# Tank size for Firehead/Quetzal



## Melanochromis (Mar 30, 2005)

What is the minimum for a Firehead (Vieja synspilum) and would fish like Convicts, Firemouths etc be the best tankmates? I'm just asking as a LFS in my area has some Vieja species for decent prices and I've always wanted to give them a go.


----------



## blkmjk (Apr 9, 2011)

Well I am far from a expert but in my experience most Vieja species are agressive some more than others. Black Belts, Fire Heads, Regani, all can be pretty rowdy. But I dont think Convicts will bother them much. I personally have had a Black Belt and she was unmerciful and relentless in her pursuit of terror. She dominated my JD,GT, and anything else she wanted. One of the most beautiful fish I have owned and also one of the angriest. Tank size is the key to success with the large 12" + Vieja species 100 gal or more IMHO.

Drew (CICHLID OOBER-NOOB)


----------



## Melanochromis (Mar 30, 2005)

Thanks for your reply. Just read a post on another about an 8 inch Firehead killing an Oscar. According to the profile on here they are listed as peaceful/mildly aggressive. I am aware of how aggressive Blackbelts can be so wouldn't want one. If anybody else has any input I would appreciate it.


----------



## clgkag (Mar 22, 2008)

You are talking about a fish that can get up to 17". I would say a 24" wide tank would be ideal. I would look at a 6'x2'x2' at least.


----------



## Melanochromis (Mar 30, 2005)

clgkag said:


> You are talking about a fish that can get up to 17". I would say a 24" wide tank would be ideal. I would look at a 6'x2'x2' at least.
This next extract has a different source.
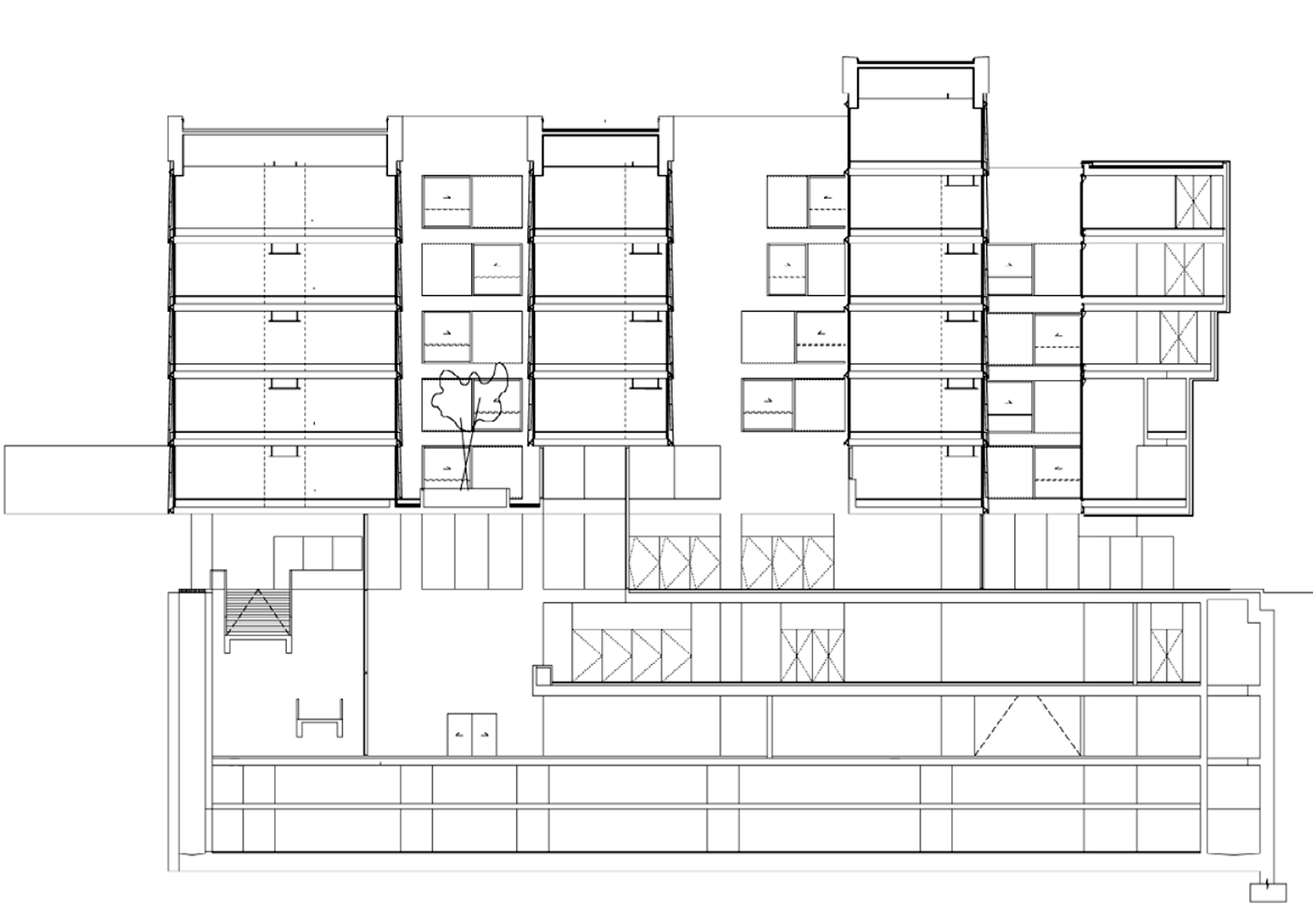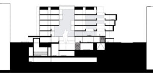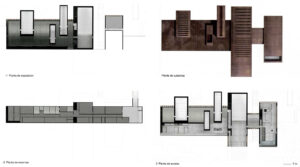 La superposición de plantas manifiesta el difícil diálogo entre una fundada estrategia y la sencillez del resultado final. Es decir, la articulación espacial no sólo se produce en la dirección de las vías circundantes, sino también en altura, con sutilezas como la diferenciación de las ultimas plantas para dotar de atmósfera e iluminación a la vía pública.

I've read somewhere about a 75 gallon tank being suitable, but some people are suggesting 100 gallon plus. Would like to hear from anyone who has experience them.


----------



## MonteSS (Dec 8, 2008)

Gallons dont mean much. For example a standard 90g is only a 4 foot tank. As stated a 6 x 2 x 2 (standard 180) would be best.

No way in a 75g.

....Bill


----------



## clgkag (Mar 22, 2008)

Melanochromis said:


> clgkag said:
> 
> 
> > You are talking about a fish that can get up to 17". I would say a 24" wide tank would be ideal. I would look at a 6'x2'x2' at least.
> ...


I have a syn. It is still young, but it is in a 96" x 30" footprint tank. It is still only around 10" but is growing fast. Very beefy fish also.


----------



## Melanochromis (Mar 30, 2005)

Thanks for your help, I guess I just don't have room for one at the moment. I'll stick to the smaller American cichlids.


----------



## Cich150 (Oct 12, 2011)

Just wanna add my peice - I have (see my signature for my fish in my tank) but as you will see it has 3 veija variety 2 boys n one girl...to be honest my are juvy but re a decent 5-6 inches + - as long as their tank mates are larger than them they leave em well alone...although during feeding they are highly active - and scare off tank mates large n small...and are agressive during feeding with their own veija kind...they leave my tetras, convicts alone completly almost mocking them at times-I know this will change when these guys can fit in my Veija's mouths - however...they ARE great fish, intelligent and worthy of a wonderful/planted/sandy substrate/ casually aerated and LARGE tank!  IMOP


----------



## Melanochromis (Mar 30, 2005)

Thanks Cich150 it helps to be able to understand their behaviour. I was was at an LFS yesterday where I picked up my new male pink Convict where their was also a large Synspilum which was housed with Convicts and Parrots. There were also Chocolate Cichlids, I know now that these also get to 12" but are listed on the CF profile as being more peaceful. Anybody out there keep one? (I know this a south american species)


----------



## phishes (May 17, 2005)

I keep my 4.5'' syn in a 6' 150g with a JD, salvini, a. robertsoni, h. deppi, a. rostratus, and a nic. My syn is very peaceful, and even gets bullied by the smallest in the tank-the a. rostratus.


----------



## Billy the Fish (Oct 3, 2011)

I have had a pair in a 6x2x2 and they thrived in there. my male reached 15 inches and the female around 11 inches. Tank mates included three Firemouths, a green phantom pleco and two HRPs.

I hope that helps mate.


----------